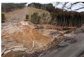
堰堤の右岸が決壊
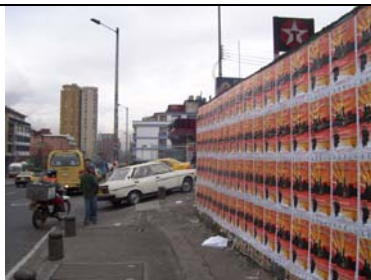
Afiches Expocachaca – Calle 53 con Carrera 7
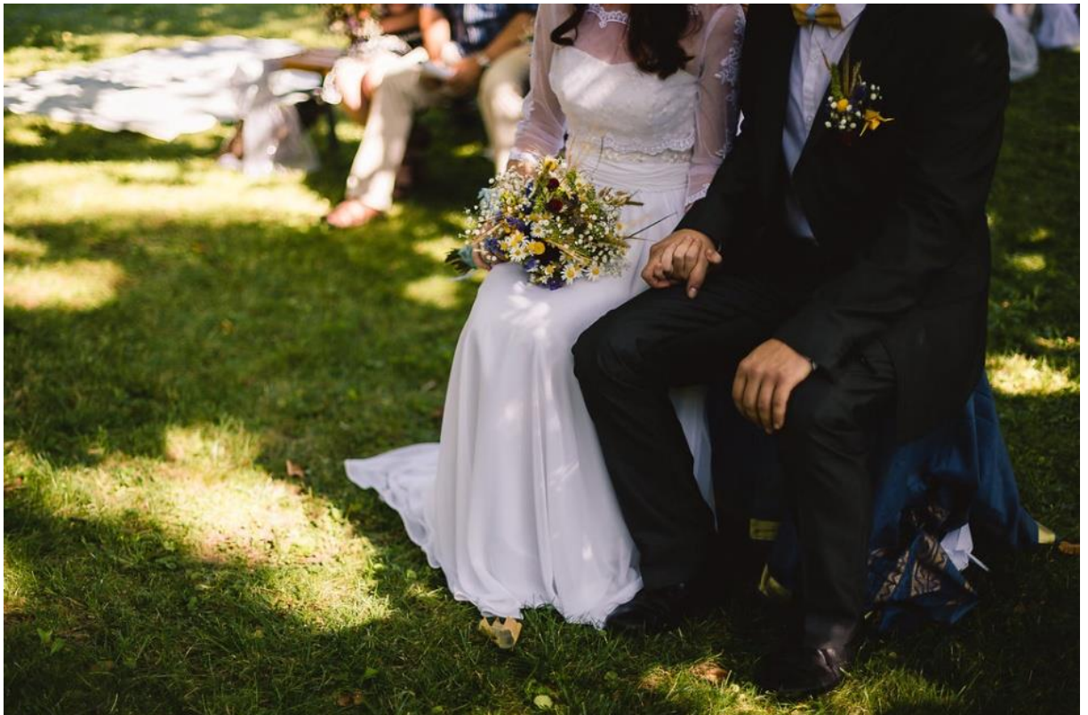
Obrázek 49: Svatební kytice a korsáž pro novomanžele

Celá kompozice vazeb a aranžmá je rozvolněná, což perfektně kopíruje charakter využití lučních květin, které sami o sobě působí divoce a nespoutaně. Tuto vlastnost podporuje i rozdílný výběr rostlinného materiálu na jednotlivé prvky svatebního kompletu. Nejedná se proto o zcela stejný sortiment rostlin, využitý například ve svatební kytici pro nevěstu a kytice pro maminky, jsou zde samozřejmě použité i květiny stejného druhu, které komplet ucelují. Kytice se také liší svou velikostí, kdy nevěstina je větší než ostatní svatebčané. Kytice pro maminky nebo také pro svědkyně mají velmi často ve vazbě zakomponovanou jednu výraznou velkokvětou rostlinu jako je například jirina ( Dahlia ) nebo slunečnice ( Helianthus ).
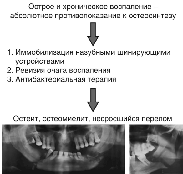
Рис. 5. Схема традиционной тактики лечения инфицированных переломов нижней челюсти

Именно поэтому комплекс лечебных мероприятий сводится в целом к трем основным процедурам:
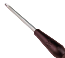
POPHANDLE Mango portaherramientas Pop / POPHANDLE
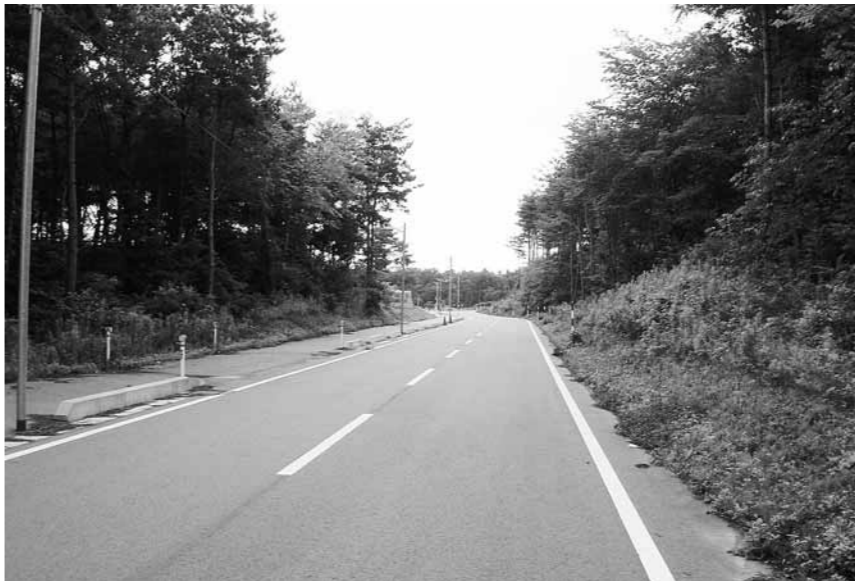
整備がすすむ山辺川線

町長 亀塚山辺川線は、入沢商店の丁字路から、通学路の方にぬけ十字路となる。次第浜山辺川線は、次第浜紫雲寺線から亀代こども園まで900メートルを行う。

# # #

--- Exercise ---
Once the line holding "Именно поэтому комплекс" is found, set it down along with every line after it through the end of the entries, exactly, leaving the pictures out.

--- Exercise result ---
Именно поэтому комплекс лечебных мероприятий сводится в целом к трем основным процедурам:
POPHANDLE Mango portaherramientas Pop / POPHANDLE
整備がすすむ山辺川線

町長 亀塚山辺川線は、入沢商店の丁字路から、通学路の方にぬけ十字路となる。次第浜山辺川線は、次第浜紫雲寺線から亀代こども園まで900メートルを行う。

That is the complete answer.